Пришла первая послевоенная зима. В пятницу вечером вдруг повалил снег и не прекращался всю субботу. Днем, в школе, я с наслаждением предвкушал, как пойду любоваться заснеженным Золотым Храмом.

Снег все шел и шел. Я свернул с дорожки для посетителей и как был, в резиновых сапогах, с ранцем через плечо, отправился к берегу Зеркального пруда. В воздухе носились легкие и быстрые снежинки. Как прежде, в детстве, я поднял лицо к небу и открыл рот пошире. Снежинки ударялись о мои зубы, и мне казалось, что я слышу легкий звон, будто подрагивают листочки фольги; я чувствовал, как снег падает в тепло полости рта и тает, соприкасаясь с его красной плотью. Мне представился клюв феникса, застывшего над Вершиной Прекрасного, горячий, гладкий рот золотой сказочной птицы.

Когда идет снег, мы снова чувствуем себя детьми. Да и потом, мне ведь было всего восемнадцать. Что же странного, если мою душу охватило детское возбуждение?

Присыпанный снегом Золотой Храм был невыразимо прекрасен. Открытый ветрам, он стоял в пленительной наготе: внутрь свободно задувало снег, жались друг к другу стройные колонны.

Почему не заикается снег? – подумал я. Иногда, ложась на ветви аралии и осыпаясь затем вниз, он действительно словно начинал заикаться. Снег окутывал меня облаком, плавно скользя с небес, и я забыл о душевных своих изъянах, сердце мое забилось в чистом и ровном ритме, как если бы меня обволакивала чудесная музыка.

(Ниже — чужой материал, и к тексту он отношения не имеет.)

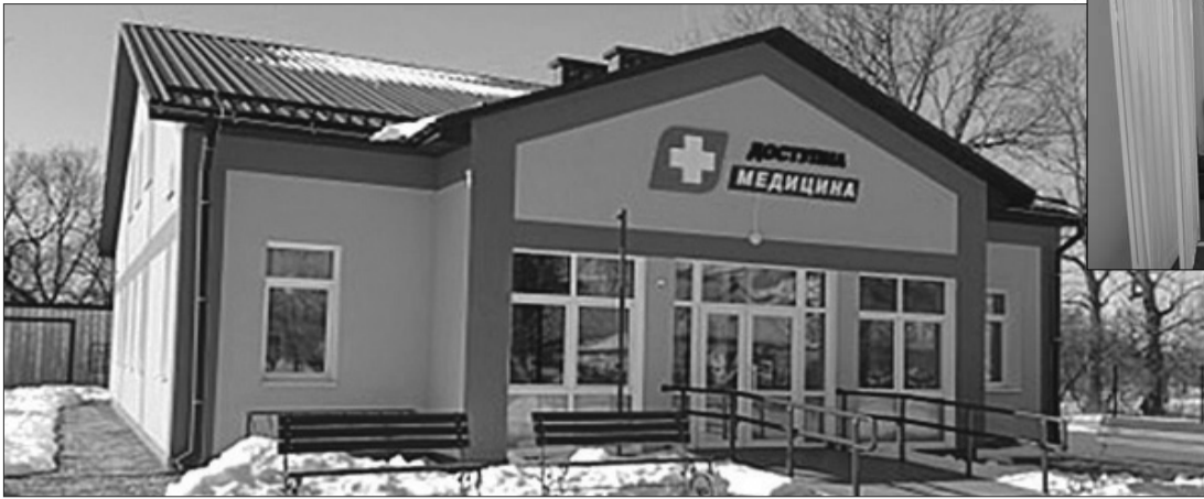
Сільська медустанова нічим не поступаєть міській.

Из-за снегопада трехмерный Кинкакудзи утратил объемность, в нем больше не ощущалось вызова окружающему миру, Храм стал плоским, превратился в свое собственное изображение. Обнаженные ветви деревьев на лесистых склонах почти не задерживали снег, и лес казался еще более голым. Лишь на хвое растущих кое-где сосен лежали роскошные белые шапки. На льду пруда намело сугробы, но почему-то не везде, а только местами – большие белые пятна, разбросанные по поверхности, напоминали облака с декоративного панно. Среди сугробов затерялись островок Авадзи и скала Кюсанхаккай, и их молодые сосны, казалось, каким-то чудом пробились сквозь лед и наст заснеженной равнины.

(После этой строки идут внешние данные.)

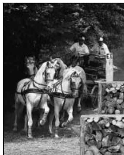
Nejlepší v čtyřspreží byl tradičně domácí P. Vozáb
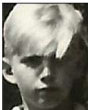
Række I nr. 13

Лишь крыши верхнего и среднего ярусов Храма – Вершины Прекрасного и Грота Прибоя – да еще маленькая кровля Рыбачьего павильона отливали белизной, стены же, сложные переплетения досок на фоне снега, казались черными. Мне доподлинно было известно, что в Храме никто не живет, но очарование этих черных стен было столь велико, что я усомнился: а вдруг все-таки живет? Так мы, разглядывая картину на шелке художника китайской Южной школы, где изображен какой-нибудь замок в горах, придвигаемся поближе, пытаясь угадать, кто скрывается за его стенами. Но если бы я захотел приблизиться к этому Храму, мое лицо уперлось бы в холодный шелк снега.

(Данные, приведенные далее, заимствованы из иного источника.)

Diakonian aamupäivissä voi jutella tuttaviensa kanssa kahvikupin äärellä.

Двери Вершины Прекрасного, обращенные к заснеженным небесам, были и сегодня настежь. Я представил, как снежинки пролетают через узкое пространство покоев, ударяются о дряхлую позолоту стен и застывают узорами золотистой изморози.

В воскресенье утром меня позвал наш старик экскурсовод. Время осмотра еще не наступило, но у ворот уже стоял американский солдат. Старик жестом попросил его подождать и пошел за мной, «знатоком» английского. Как ни странно, иностранный язык давался мне легче, чем Цурукава, и, говоря по-английски, я никогда не заикался.

Перед воротами храма я увидел армейский джип. Вдребезги пьяный американец стоял, опираясь о столб ворот. Он взглянул на меня сверху вниз и насмешливо улыбнулся.

Храмовой двор, засыпанный свежим снегом, сиял ослепительной белизной. На меня в упор посмотрело молодое, в розовых складках жира лицо, обрамленное этим нестерпимым сиянием, и дохнуло белым паром и перегаром. Мне стало немного не по себе, как всегда, когда я пытался представить, что за чувства могут жить в существе, настолько отличающемся от меня по размерам.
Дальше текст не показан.